# Best drill bit for housing threads?



## brownsfn2 (Feb 1, 2015)

I have several Bock housings and I have the m7.9 x .6 tap that goes with them from Classic Nib.  

Can someone recommend a drill bit size for this?  I have tried "L" and one other size but having trouble. 

Thanks for any help.


----------



## lorbay (Feb 1, 2015)

7.3
Lin


----------



## randyrls (Feb 1, 2015)

Check out MSC


----------



## Carl Fisher (Feb 2, 2015)

I put together a quick reference sheet a while back that has most of this, but the easy method is to subtract the pitch from the diameter to get your drill bit size.

So officially 7.9 - 0.6 = 7.3 as mentioned above.  I use a 7.25 because it's a bit more common.

http://content.penturners.org/library/general_reference/drillbit_alternatives.pdf


* Note there is one error it appears in the spreadsheet and that's for the first size in the tap/die section.  That should be 6mm not 5.5.


----------



## mredburn (Feb 2, 2015)

7.3mm is .287. I always go a hair larger on the hole because the threads are not always fully formed or sometimes the feed is out of round from the manufacturer. Small amounts but it can affect the way it screws in. i would go with an "L" drill bit. 7.4mm is .2915 and if you measure the drill bit it is probably undersized to start with. Mine are all a couple thousand under the stated sizes.  There is a great chart in the library that I printed and keep on my drill storage box. I usually have  a copy of it on my desktop for printing or reference as well.


----------



## brownsfn2 (Feb 2, 2015)

Thanks for the link.  I have not seen that before. 

I am using an "L" bit which is 7.366mm.  It seems like the threads are just not deep enough.   I was doubting that .066 makes a difference but maybe it does.  

What I might also be dealing with is the fact that my bits for those sizes are Harbor Freight.  They might not be running true making the hole slightly bigger.

Last night I ordered 7.2 and 7.3 mm bits hoping that I can dial in some accuracy here.  I am hoping it is just my junk drill bits. 

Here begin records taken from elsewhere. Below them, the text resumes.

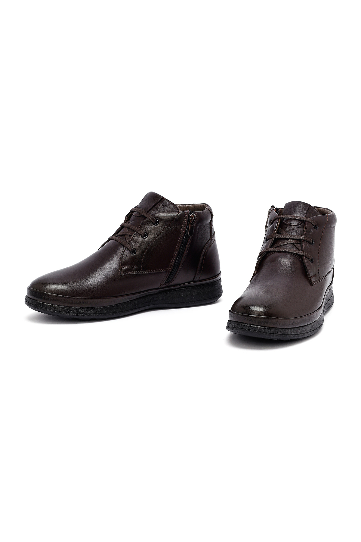 چکمه مردانه قهوهای بنددار، زیپدار، مناسب برای استفاده روزمره، ساخته شده از چرم گاو.
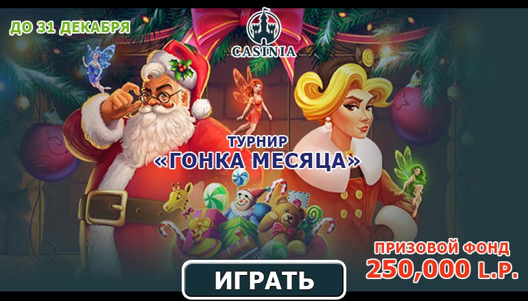 Для того, чтобы начать новый год с чистого листа, нужно проводить старый, завершив все начатое накануне. Возьми от 2017-го все по максимуму, ведь вернуться назад уже не будет возможности! Только в этом, последнем, месяце года петуха тебя ждет щедрый призовой фонд в турнире «Гонка месяца» в казино Казиния! Стань частью огромного выигрыша размером в 250 тысяч L.P. (пунктов лояльности)! А помогут тебе в этом лучшие слоты сайта онлайн казино Казиния (Casinia).
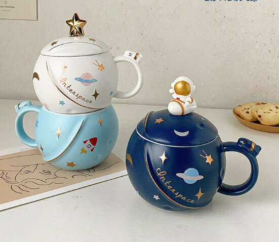 新款陶瓷水杯【301-400ml】【A款-白色(太空人勺子)】
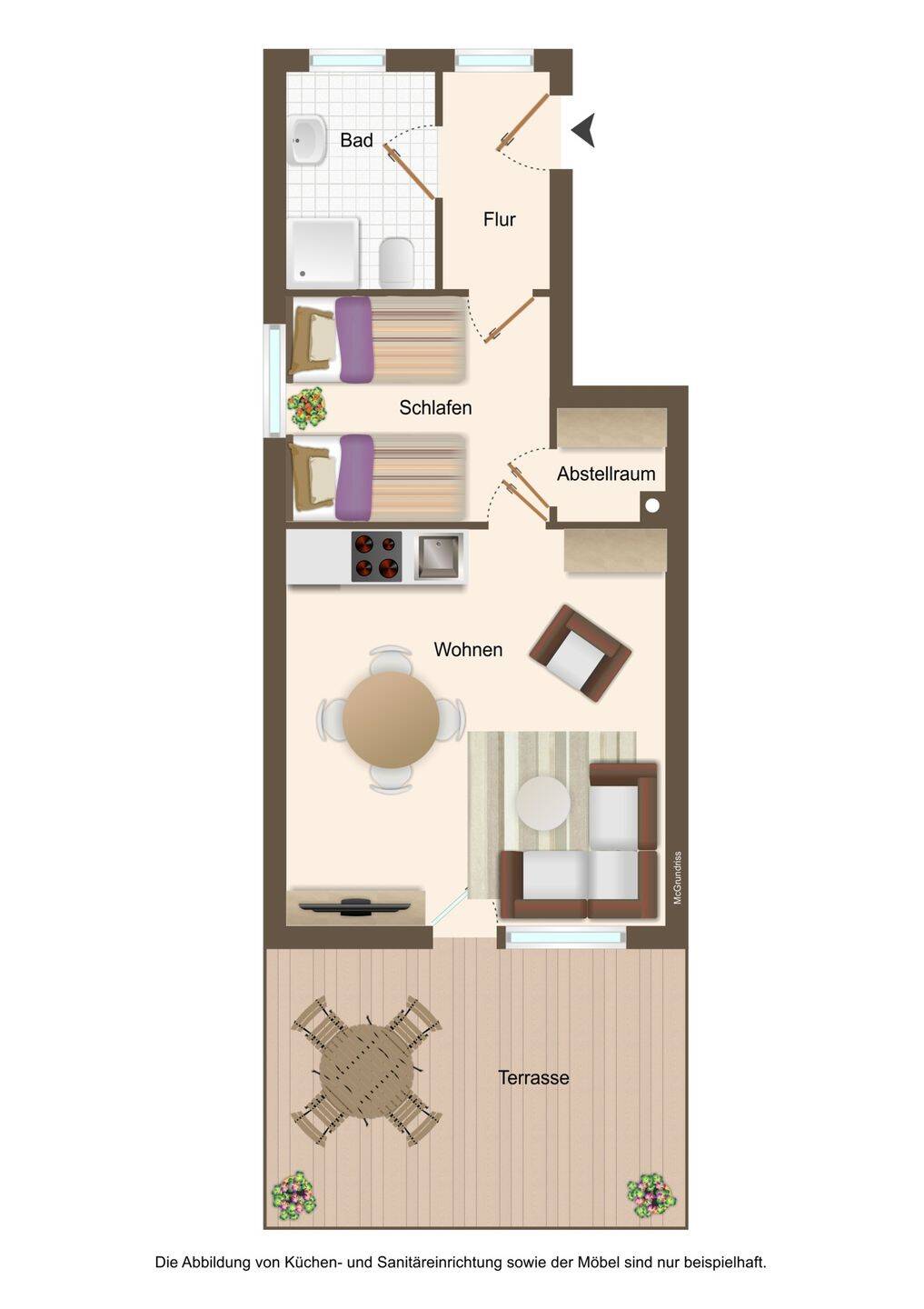 Sie befinden sich hier: Sofort bezugsbereit! Möblierte 2-Zi.-Wohnung im EG mit Terrasse, Gemeinschaftsgarten und Stellplatz in Grömitz - 26RKBDIZ8A27 | 1A-Immobilienmarkt.de
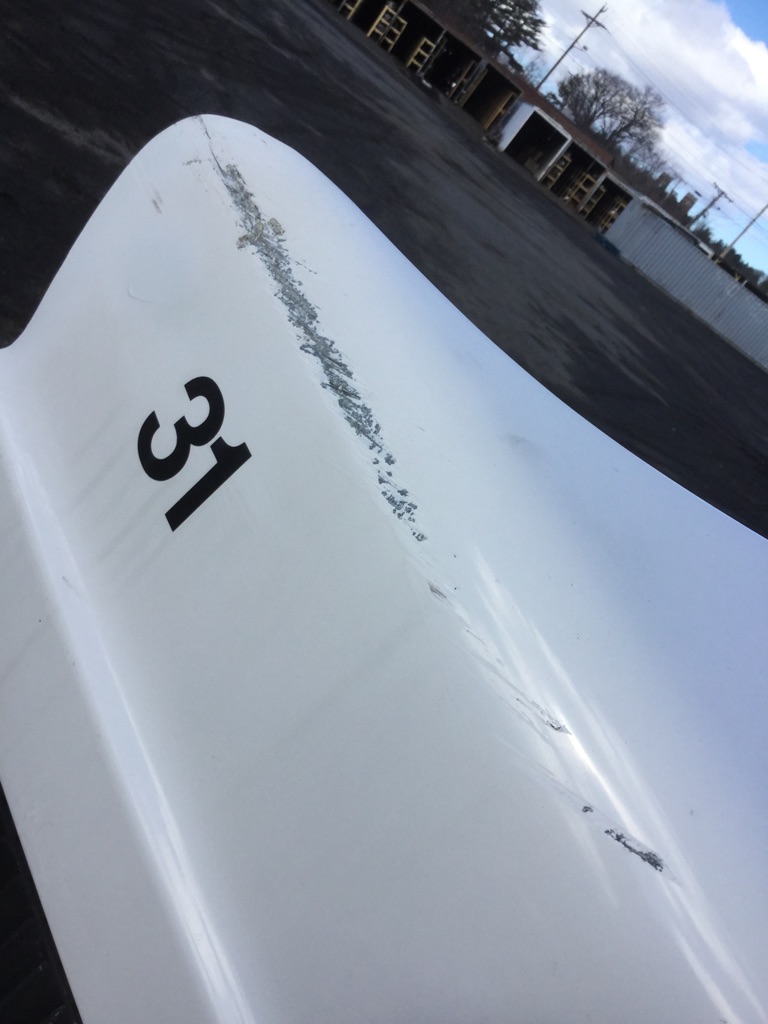 Used take off 2013 Mack CHU613 hood assembly. DAMAGED
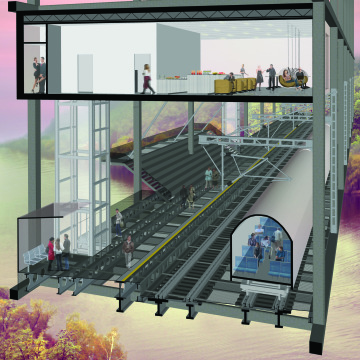 Other locations shown at the exhibition include a future city in the Shackleton crater, which could become the base for humankind’s permanent presence on the Moon; the Guggenheim Museum in Salzburg, Austria – an underground city in a space carved out from solid rock, 150 metres underground; the concept of a linear city, designed as a doctoral research project by architect Nikoleta Slováková; or the Adriaport project – an artificial island near the Adriatic Coast, with a 400-kilometre connecting tunnel to Czechia, designed in 1977 by architect Karel Žlábek for the state company Pragoprojekt, which had never come to fruition due to a Soviet intervention.
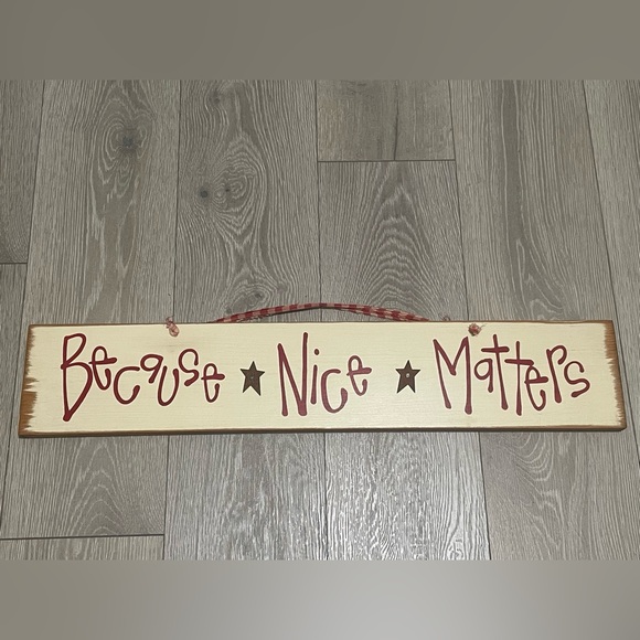 Rustic Wood Farmhouse Sign, “Because Nice Matters”. Red and Cream, with metal stars. 29 inches long, 5 1/2 inches high. Perfect for your Farmhouse Kitchen!!
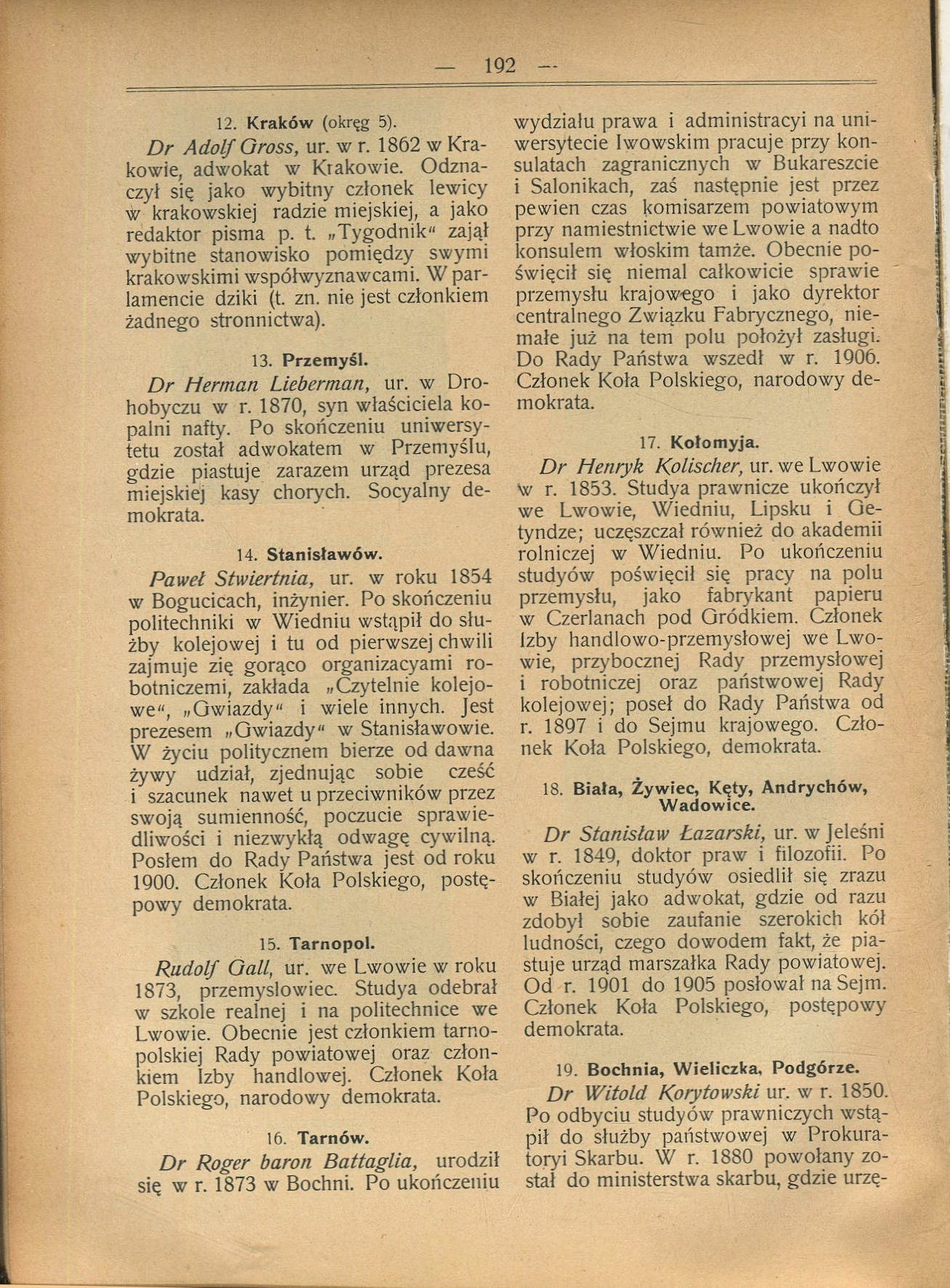 - Маленький домашній схематизм: C. k. Намісництво, репрезентація країни, список членів і депутатів народного сейму, список адвокатів у Кракові, Львові та на провінціях, список нотаріусів, список уповноважених урядом цивільних техніків Королівства Галичини та Лодомерії.
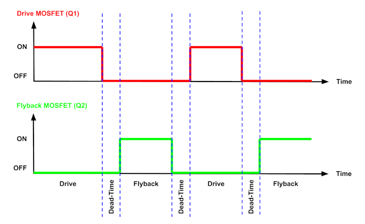 Dead time in synchronous rectification motor driver.
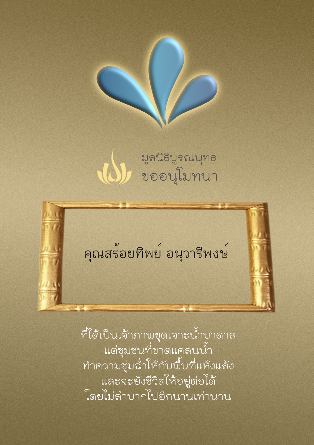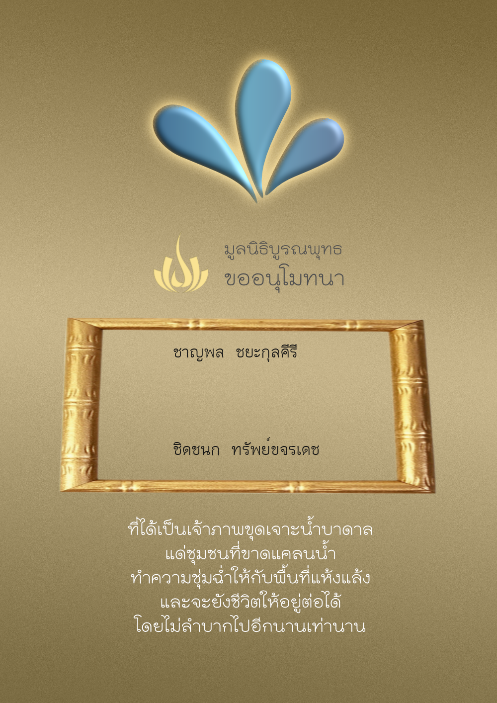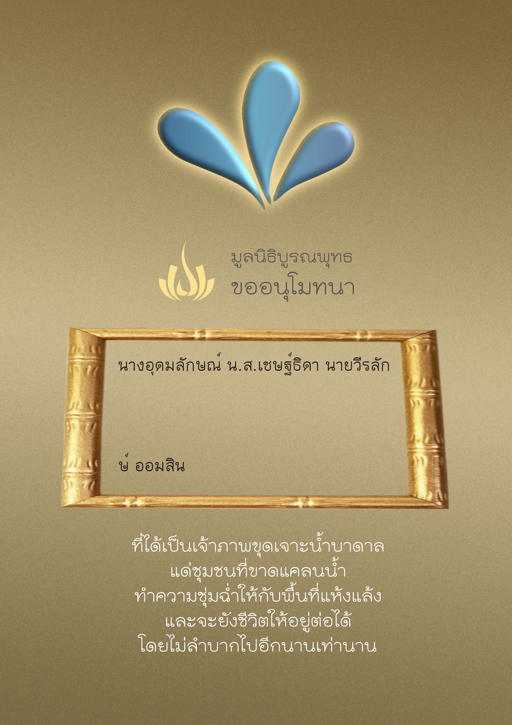| ลำดับที่ 56 | นายศุภพงษ์ อุดมแก้วกาญจนา | 500.00 บาท | ภาพที่ระลึก |
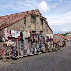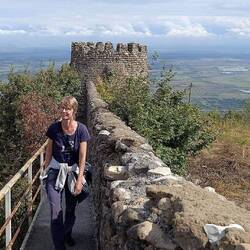 Touristenort Sighnaghi. Stadtmauer mit Wehrtürmen. Dann Stellplatz in Lagodekhi (Zemo Khiza) gefunden.
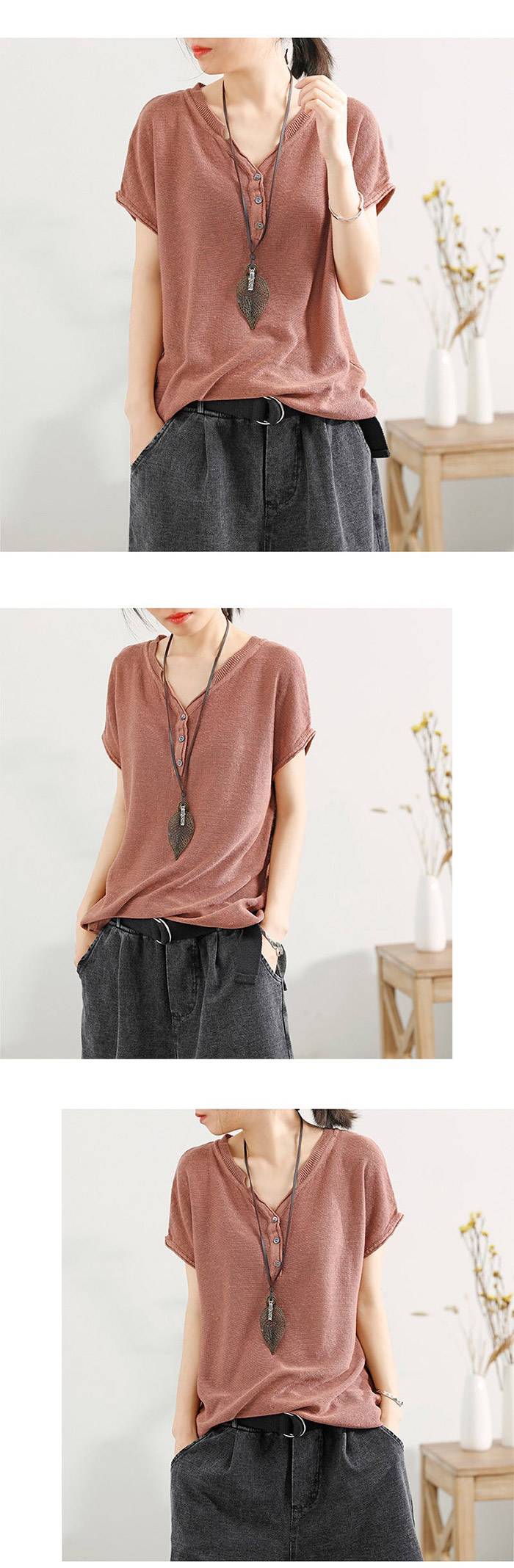 【夏季熱銷款】冰絲薄款V領短袖【超薄透氣】【舒適百搭】【促銷活動還在進行中哦!】
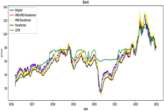 Comparison of actual and predicted Brent crude oil prices using the VMD–EMD–Transformer and baseline models.
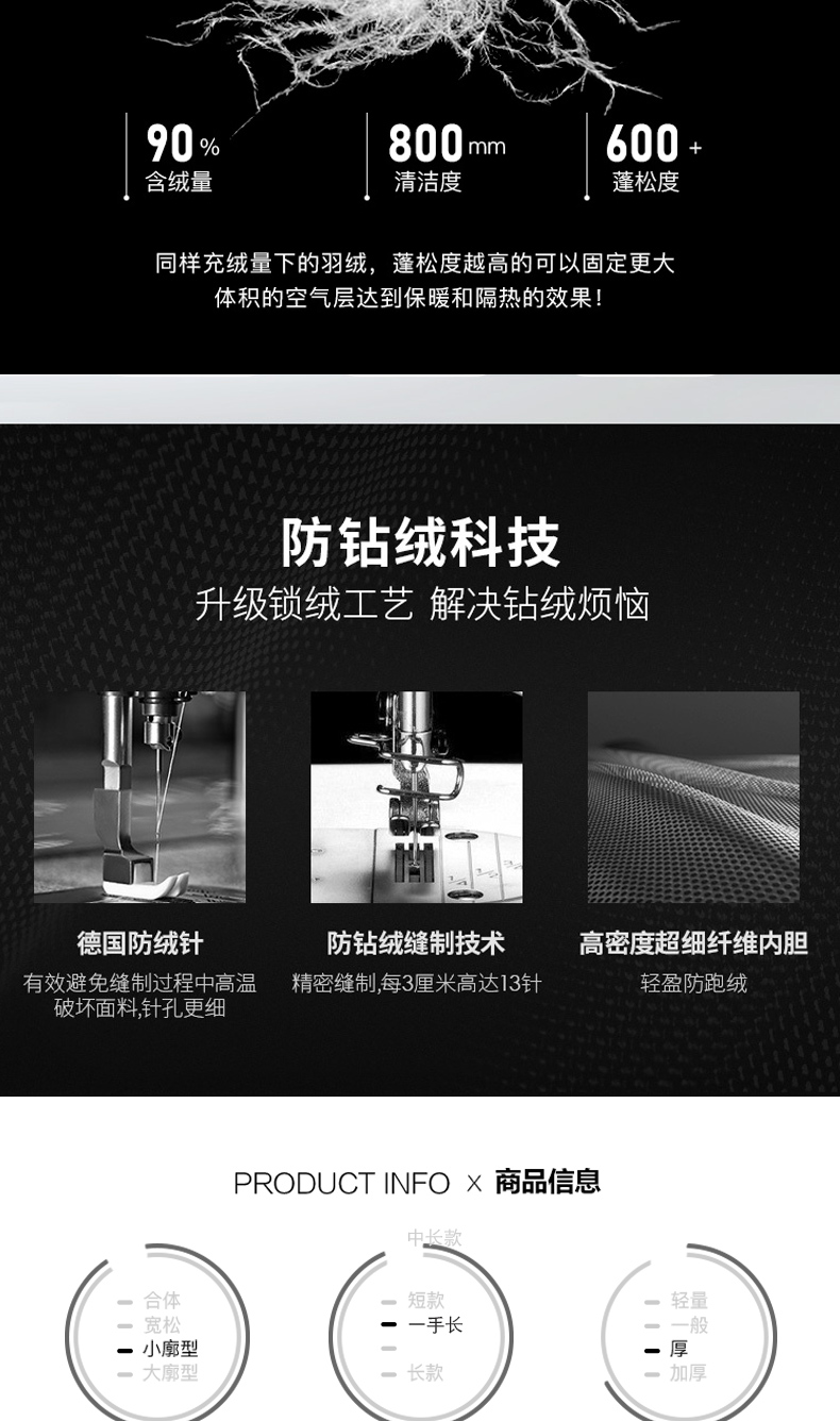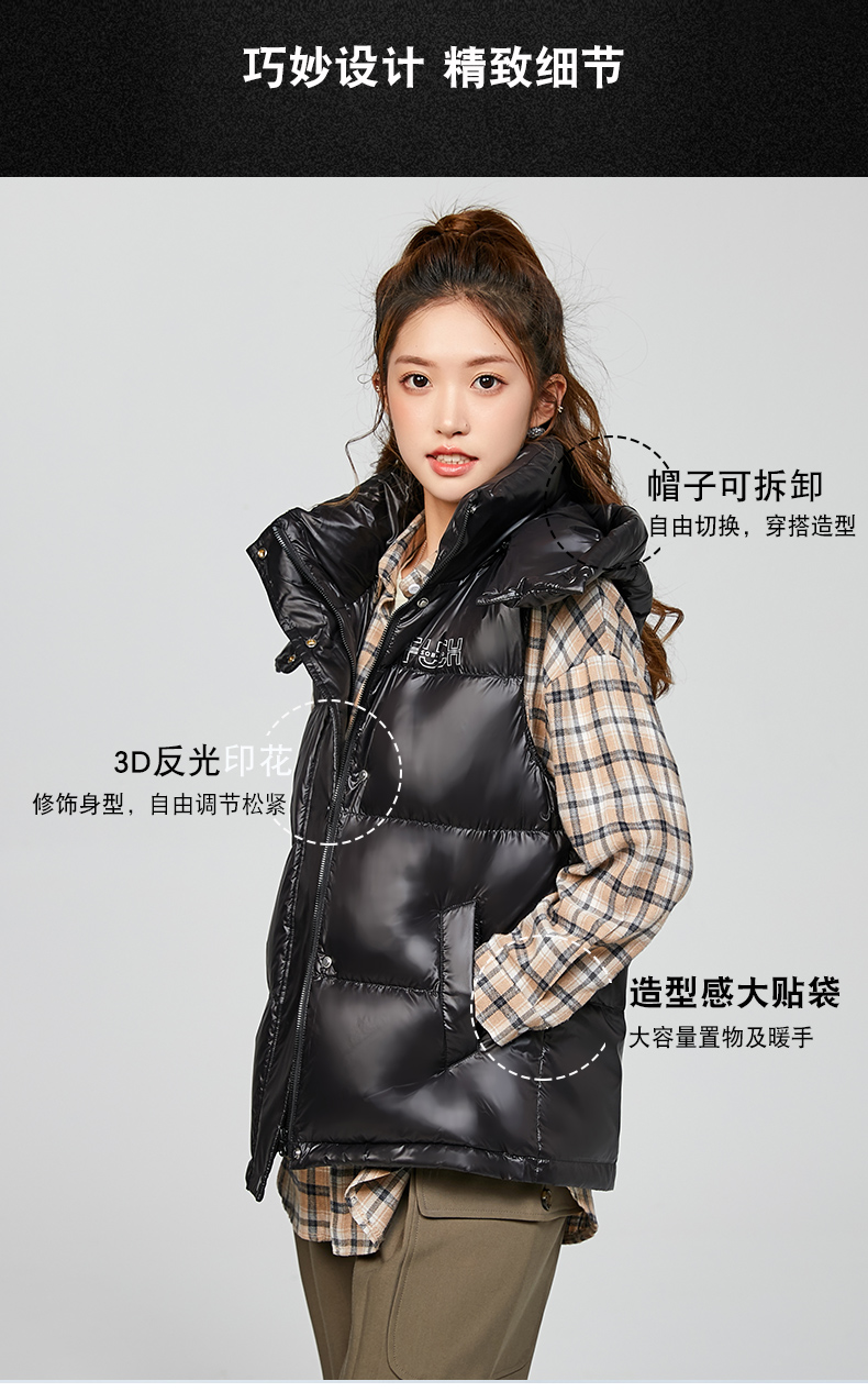 甄选高品质90白鸭绒填充,600+高蓬松度,800mm洁净度,健康环保,穿着身形不臃肿,帽子可拆卸设计,自由切换百搭造型,身体两侧大容量插袋,置物暖手贴心方便。
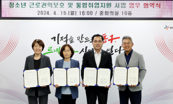 협약에는 대전 동구, 대전지방고용노동청, 대전청소년위캔센터, 대전시학교밖청소년지원센터가 참여했으며, 각 기관은 전문성을 활용해 청소년들의 부당한 근로 침해를 방지하고 안정적인 사회 진출 적응을 지원하기 위한 체계 구축에 힘을 모으기로 약속했다.

Thanks for all the help everyone!


----------



## mredburn (Feb 2, 2015)

Here is the pdf version from the library
http://content.penturners.org/library/general_reference/conversions.pdf


----------



## mredburn (Feb 2, 2015)

Not all threads on things are cut or formed to full threads. They can be 75% or less of the stated pitch.  That means the depth of the thread is not fully formed and you will need a bigger hole.  That .066 is enough to make a difference. Especially on fine pitch threads. I use a die on the Jowo feeds when I use them. It will surprise you how much they trim back. THere can be small fins, out or round housings or shallow threads. 
If your feed seems to drag and then release and then drag again as you screw it in its probably out of round a few thousandths.  I suppose I should have some dies made up for the Bock feeds.
THe 8.5 x 1 threads on most Sierra clones are not fully formed for depth and need larger holes as well.


----------



## Carl Fisher (Feb 2, 2015)

I've noticed that with the OOR feed housings.  Seems to be fairly common.


----------



## mredburn (Feb 2, 2015)

And one more thing.  IF the tap is Taper tap you may not be tapping the hole deep enough to cut full depth threads. Try running the tap all the way in (if you can)and see if that makes a difference.


----------



## Paul in OKC (Feb 2, 2015)

Id threads generally will not be full formed.


----------



## yort81 (Feb 4, 2015)

brownsfn2 said:


> I have several Bock housings and I have the m7.9 x .6 tap that goes with them from Classic Nib.
> 
> Can someone recommend a drill bit size for this?  I have tried "L" and one other size but having trouble.
> 
> Thanks for any help.



*For my sections using the Bock 7.9 x .6 tap.... 

I use a "G" Bit.... "L" Bit.... and a "P" bit

The "G" Bit all the way through
The "L" Bit a bit more than 3/4 the way through (this one is for the threads)
The "P" Bit a bit more than 1/2 way through
*
*The Fit is exceptional!*


----------